For each benthic response variable, BRTs were first fitted using the full dataset and then, to evaluate potential human-induced decoupling, separately to inhabited and uninhabited datasets (sensu Williams et al. 2015a). For all fitted models, we assessed the relative strengths of abiotic and grazing predictors by extracting the gbm measure of relative importance, which is scaled between 0% (weak influence) and 100% (strong influence). Additionally, relationships between the reef-builder index and predictors were visualized using partial dependency plots that show the fitted function while holding the effect of other predictors at their mean (Elith et al. 2008). Uncertainty in relative importance estimates and model predictions was quantified using bootstrapped 95% confidence intervals (Leathwick et al. 2006). Relative model performance was assessed by estimating the overall deviance explained and mean predictive deviance for each optimal model. Interactions between predictors were estimated using the gbm.interactions function in the dismo package (Hijmans et al. 2017), and we accounted for spatial autocorrelation using autocovariates to capture correlations in values between neighboring sites (Crase et al. 2012) (Supplementary Material 3).

All analyses were performed using R version 3.4.1 (R Development Core Team 2017), BRTs were fitted with the gbm (Ridgeway 2017) and dismo (Hijmans et al. 2017) packages, and we provide our data and code at an open-source repository (https://github.com/baumlab/Robinson-etal-2018-CoralReefs).

Results

At 1566 sites across 34 islands and atolls spanning ~ 43° latitude by ~ 61° longitude, reef benthic states ranged from calcifier-dominated (219 sites (13.98%) at 20 islands; i.e., > 50% calcifying cover; 0.03 < reef-builder index < 2.06) to algal-dominated (1129 sites (72.09%) at 32 islands; i.e., > 50% fleshy algal cover; − 3 < reef-builder index < − 0.01) (Supplementary Material 2, Table A1). The remaining 13.9% of sites were dominated by neither hard coral nor fleshy algae, but rather by calciferous Halimeda algae, soft corals, sediment and unclassified material. Calcifiers typically occupied much less space than fleshy algae (median cover: calcified = 16.7%; algal = 67.3%), such that six islands in Hawaii (43% of all islands in this region) and seven islands in the Marianas (54% of all islands in this region) lacked any calcifier-dominated sites. In contrast, algal-dominated sites occurred on every island, rendering this the more common state across the Pacific (Fig. 1). Among algal-dominated sites, macroalgal-dominated reefs were rare (1.3% of sites with > 50% macroalgal cover) and, as such, negative reef-builder index values were largely representative of high turf cover reefs (Fig. A6).
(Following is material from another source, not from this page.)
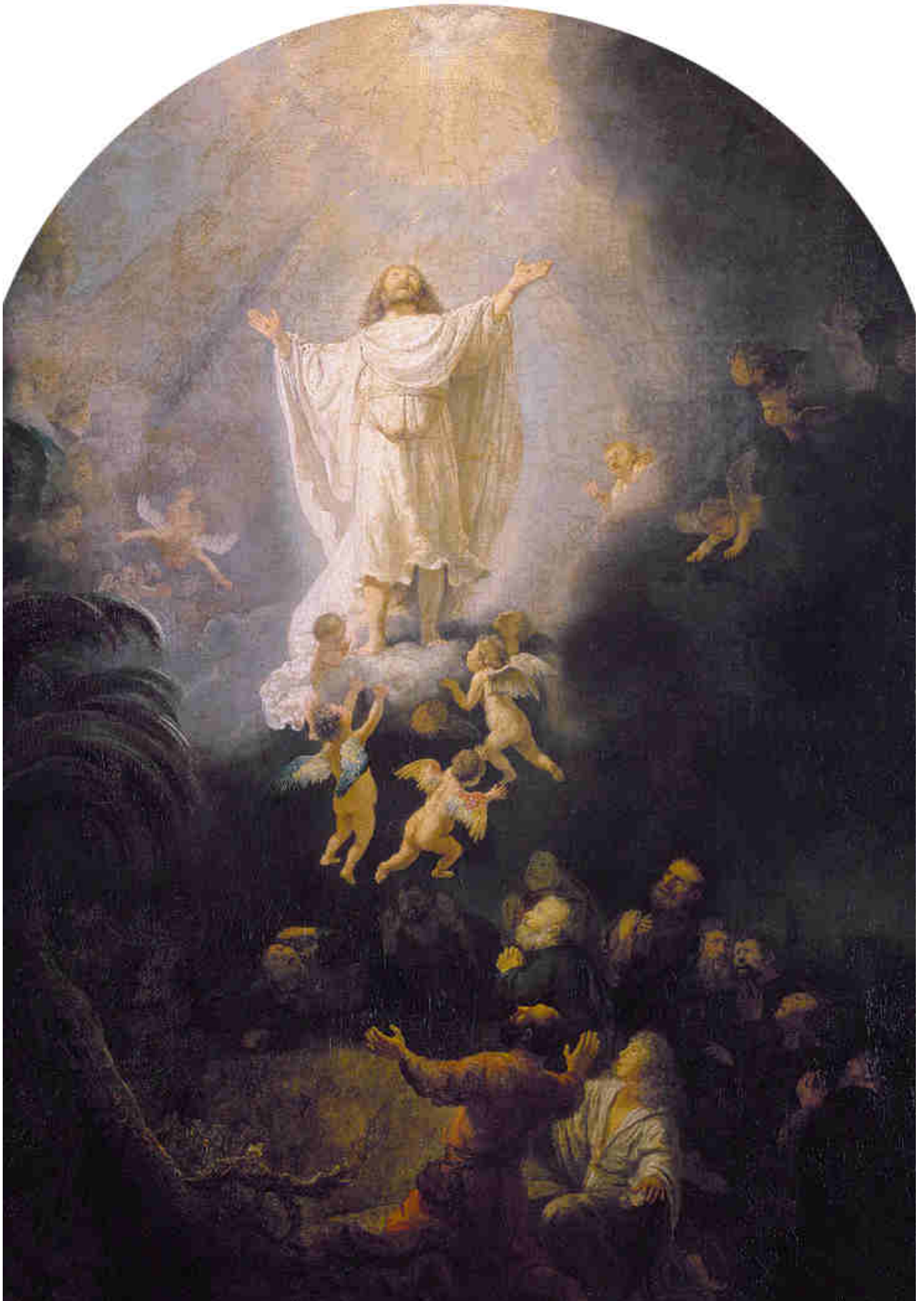
Rembrandt van Rijn, Ascensione di Cristo, 1636.

Abiotic covariates were strong predictors of benthic community composition. Regions of high SST, oceanic productivity and aragonite saturation state, and low wave energy, were associated with higher reef-builder values (i.e., greater calcified cover and lower fleshy algal cover) (Fig. 2a–c). Along latitudinal temperature and productivity gradients, the occurrence of algal-dominated reefs was predicted at the lowest temperatures (< 21 °C) and productivities (< 300 mg C m2 d−1) (Fig. 2a, b). When modeled as the response, calcifier cover remained relatively invariant across temperatures with a mean predicted cover of 20%, whereas algal cover declined from 68 to 48% as temperature increased from 18.5 to 27.5 °C. Thus, high calcified cover at warmer reefs was due to declines in algal cover, which increased the relative abundance of coral and CCA. The model predicted higher cover of calcifying taxa at higher level of ocean productivity, increasing from 20 to 33% mean predicted cover over 500–700 mg C m2 d−1 (Supplementary Material 1, Fig. A4a, b). Wave energy also had a moderate influence on the reef-builder index, which decreased as wave energy increased (Fig. 2c), such that calcified cover was maximized at low wave energy sites (< ~ 25,000 KW h m−1) and algal cover highest at high wave energy sites (> 250,000 KW h m−1) (Supplementary Material 1, Figs. A4c, A5c). Aragonite saturation state had the weakest abiotic influence on the reef-builder index, but was a strong predictor of both calcifier cover and fleshy algal cover when these were modeled separately. Models predicted a gradual increase in calcified dominance with aragonite saturation state (Fig. 2d), with calcifier cover maximized at 45% on reefs with high (4.2 Ωa) aragonite saturation states and predicted fleshy algal cover reaching a peak of 65% at low (3.5 Ωa) saturation states (Supplementary Material 1, Figs. A4d, A5d).

Fig. 2
figure 2

Partial dependence plots and relative importance values for each covariate. Partial dependence plots show predicted change in reef-builder index values along the range of each abiotic covariate (ae) and biotic grazing covariate (fh), with relative importance values (i). Fitted lines are predicted reef-builder index values across the range of each selected covariate, holding all other covariates to their mean and with data deciles indicating the distribution of original observations. Red dashed lines are smoothed LOESS functions, and shaded areas are 95% uncertainty envelopes generated from bootstrapped model predictions

The importance of grazing biomass in predicting the reef-builder index was generally lower than abiotic covariates, with scraper and excavator species and cropper species estimated as the fourth and fifth most important predictors (Fig. 2i). However, the predicted grazing effect was similar for both functional groups, whereby shifts to algal-dominated values (negative effect on reef-builder index) were only observed at low biomass estimates (< 20 kg ha−1), and herbivore biomass above this threshold had no further effect (Fig. 2f,g). Below 20 kg ha−1, cover values decreased (for calcifiers) or increased (for algae) by ~ 5% (Supplementary Material 1, Figs. A4f,g,h, A5f,g). Browsers had the weakest effect, with calcifier cover remaining steady across the browser biomass gradient (Fig. 2h; Supplementary Material 1, Fig. A4i).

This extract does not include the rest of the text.